Monday, December 08, 2014

PU 016- Lekki 1

My attempt to register to vote in the 2015 general election has given newer insights into the collective mindsets of Nigerians. With this understanding, and all I want to do is throw my hands up and surrender. First thoughts are where does one start with addressing the issues we face? 
I went to register on Saturday  and I was impressed by the number of people waiting to register. As at the time I left- about 1pm, there were about 300 names written but no INEC official to register anyone (Registration should hold between 8-4).
Today I resumed the quest to vote at 2.30pm and it was full of drama

Act 1, Scene 1
People struggled to write their names and get ticket so they can join the queue and register- apparently, if you were willing to pay or was  brash you could buy or browbeat your to  the capture point.People lashed out at guy handing out numbers. He left  to come back about 30 minutes later- everyone needs a break.  The process of issuing tickets stalled. After a while, someone started selling tickets, and the polling unit turned violent, some guys began fighting each other and some bystander police officers intervened. After hustling for over an hour, I finally got a number and proceeded to the point of capture.

Act 1, Scene II
There were two INEC officials registering residents on two lines. I joined a queue and when I noticed we were stationary,  I went to the front to check what was happening. I was told by a resident we had   hustled together that there was no queue, people were shunting and I should stand beside him. From that point, people pushed and shoved to get in front of the registration official and series of fights broke out. At a point, some thugs came with wooden sticks to scare people into running away to form another line- they succeeded but those on the main queue came back and refused to budge. Registration at the desk stalled. At the other desk, people pushed and shoved and the same area boy began to bring people who had dropped something to register. Those on the queue protested but their protest was in vain.Things never calmed down. People continued to jostle, push and shove to get registered till the officials signed out at 5:50pm.

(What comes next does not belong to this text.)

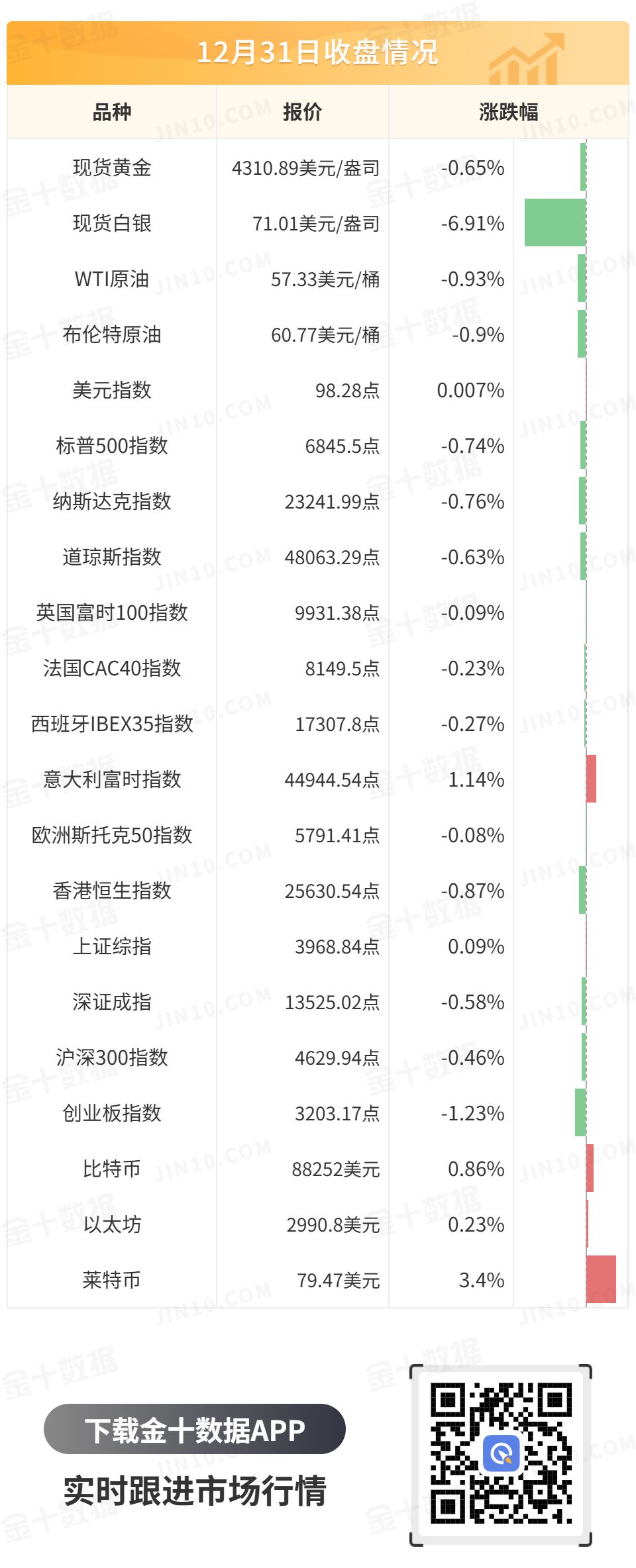 由于投资者在见证贵金属历史性的年度上涨后获利了结,且芝商所再次上调保证金,现货黄金重回跌势,最低触及4274.34美元/盎司,随后跌幅有所收窄,最终收跌0.65%,报4310.89美元/盎司,2025年大涨约64%,为连续第三年上涨;现货白银回调更加猛烈,盘中跌超7%,最终收跌6.91%,报71.01美元/盎司,全年大涨147%。两者均创下1979年以来的最佳年度表现。现货铂金全年大涨128%,现货钯金大涨77%。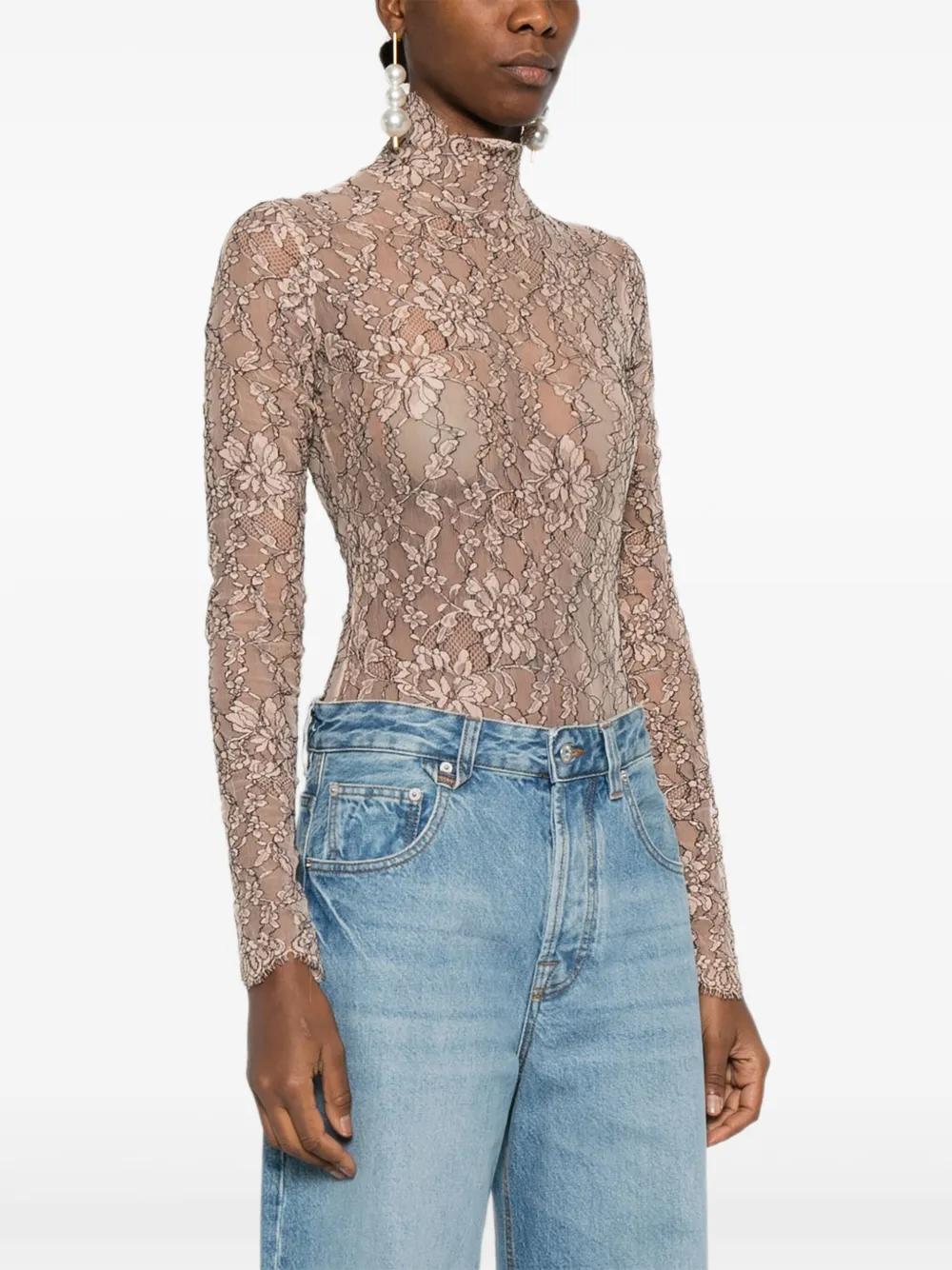 Valentino Garavani floral-lace high-neck bodysuit - Neutrals

What led to the signing out? The INEC driver came to pick them and one lady who had wrestled her way to  register picture would not print. The printer malfunctioned when it got to her turn and people begun to joke that she had a "bad head". She got up for someone else to register and the person was able to do hers successfully, she sat and the system went off. Then the jokes began.

The takeaways from that experience has made me ask questions like:

1) Why we treat ourselves like animals that have to be shoved and beaten. Why are we  unable to be orderly and just do things the right way. The registration process itself was simple and would not take more than 5 minutes. However, because people refused to be orderly, nothing was done and we ended up going home without registering. This is similar to the way we drive and cause needless traffic because people are impatient and would not give way for other drivers.
2) Why do we need to lie to get ahead. Some people claimed to have brought and fueled the generator used to power the capture process.  This  was false. People had excuses/ reasons why they should get priority registration
3) The major causes of the fights that broke out were  the result of a 'we-them' mentality. At a point it became a case of 'you think because you are rich, are educated or  dress well think you can intimidate me'. The "rich" and the "poor" began to  exchange words and threw jabs at each other. If the proletariat can openly put each other in a caste, what hope do we then have?
4)If we channelled the vehemence and brute force we use  on each other to hold our governments accountable, we will be better off now. That belief that we must  be assertive, be feisty, that we must shout to get what we want explains why we  are uncivil to each other.  Try talking to a junior officer say a security man, and the first instinct is to shut you down.

As a country we have a long way to go. Where do we start? Which do we start with?